Mental health: Between a house, family, job and more, at this age it may feel like you have to balance a lot. “As you grow older, stresses change,” says psychiatrist Dr Jan Chabalala. “Things like, is my family going to be okay? Will I keep my job? Will I be able to keep this lifestyle? As you grow, you need to take a more philosophical view of these.” He also recommends regular exercise and at least eight hours of good-quality sleep.
I’m still alive!
Now’s a good time to sit down with your family doctor and draw up a roadmap for future health, including tests, assessments and screenings.
Diet: “As men age, their natural amounts of lean body mass or muscle start to decrease with drops in testosterone over time,” says Piderit. “Because muscle is very metabolically active, this drop means that a man’s energy needs will start to decrease too, so if you keep the same eating pattern in your 50s as you did in your 20s, you will most likely gain weight.”
Get checked: Your late 40s to early 50s are when you need to consider going for a colonoscopy to screen for colorectal cancer. You’ll also want to keep an eye on your prostate, especially if you’re at risk.
Sexual health: Around this age you may start to notice a dip in your sexual desire, as well as a dip in your erections. “Heading into the 50s we pay more attention to hormonal changes,” says Van der Merwe. “It is natural for us, as it is in women, for hormonal levels to drop as we age.” So what can you do? “It comes back to leading a healthy lifestyle,” explains Van der Merwe. “Being overweight or obese can drive male hormones to change to oestrogen. A healthy body is pivotal to maintaining a healthy hormonal state, while physical exercise stimulates the natural secretion of these hormones.”
Mental health: “Forty percent of men will experience erectile dysfunction, and that can lead to significant stress,” says Chabalala.

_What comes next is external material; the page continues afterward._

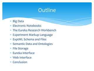 The document discusses the Eureka Research Workbench, an electronic laboratory notebook that utilizes a semantic approach to facilitate the management and sharing of scientific data through the Experiment Markup Language (ExptML) and RDF protocols. It emphasizes the challenges faced by academics in data sharing and the necessity for a user-friendly electronic notebook to properly document scientific workflows. The workbench integrates multiple data types and offers a web interface for efficient data retrieval and management, promoting collaboration and enhancement of research processes.
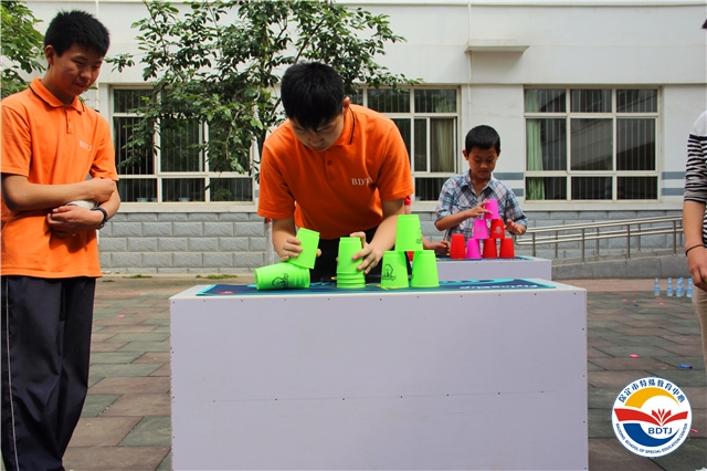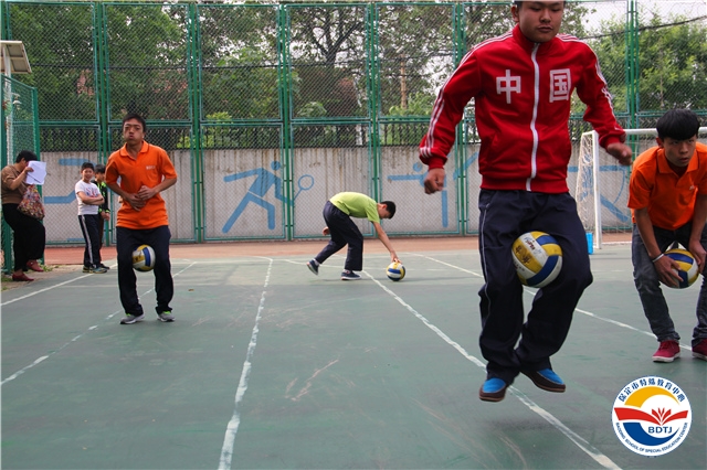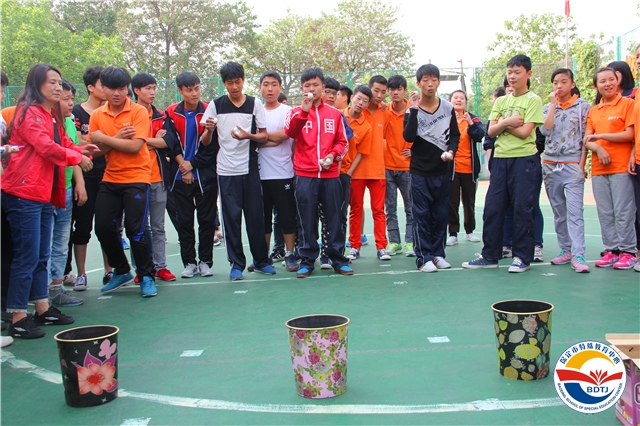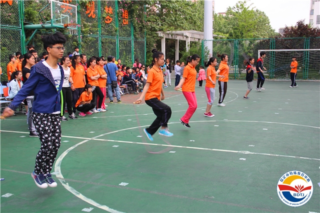 本次運動會根據(jù)啟聰、啟智、啟明三類學(xué)生的不同特點,設(shè)計了投球入桶、腳加球跳、趕豬、兩人三足跑、足球射門、 一分鐘跳繩、擊鼓砸球、飛碟不競速等15個運動項目。學(xué)生參與率高達(dá)80%以上。

Exercise: There’s nothing wrong with easing off the intensity, but try to get at least 30 minutes of exercise in each session. “It is very important for men to focus on resistance training or weight-bearing activities to help keep muscle mass up,” says Piderit.
So now is when I get to start living, right?
Your 60s mark a period of change, as you ease out of working commitments and into the uncharted realms of retirement. Now, more than ever, it’s important to remain active.
Diet: “For older men, just like with women, calcium intake is important to maintain good bone strength,” says Piderit. “Also, older men who are mostly indoors and not exposed to sunlight may experience a lower vitamin D level. They need more calcium and phosphorus than younger men.”
Mental health: After 40-odd years of having your nose to the grindstone, not working can be a shock to the system. Keep your brain busy by reading more and pursuing your hobbies. Stay in touch with friends and family, join clubs and societies. Don’t withdraw too much as this can lead to feelings of isolation and depression.
Exercise: You are never too old to exercise. Yoga, tai chi, hiking, tennis and swimming are great ways to keep fit and strong.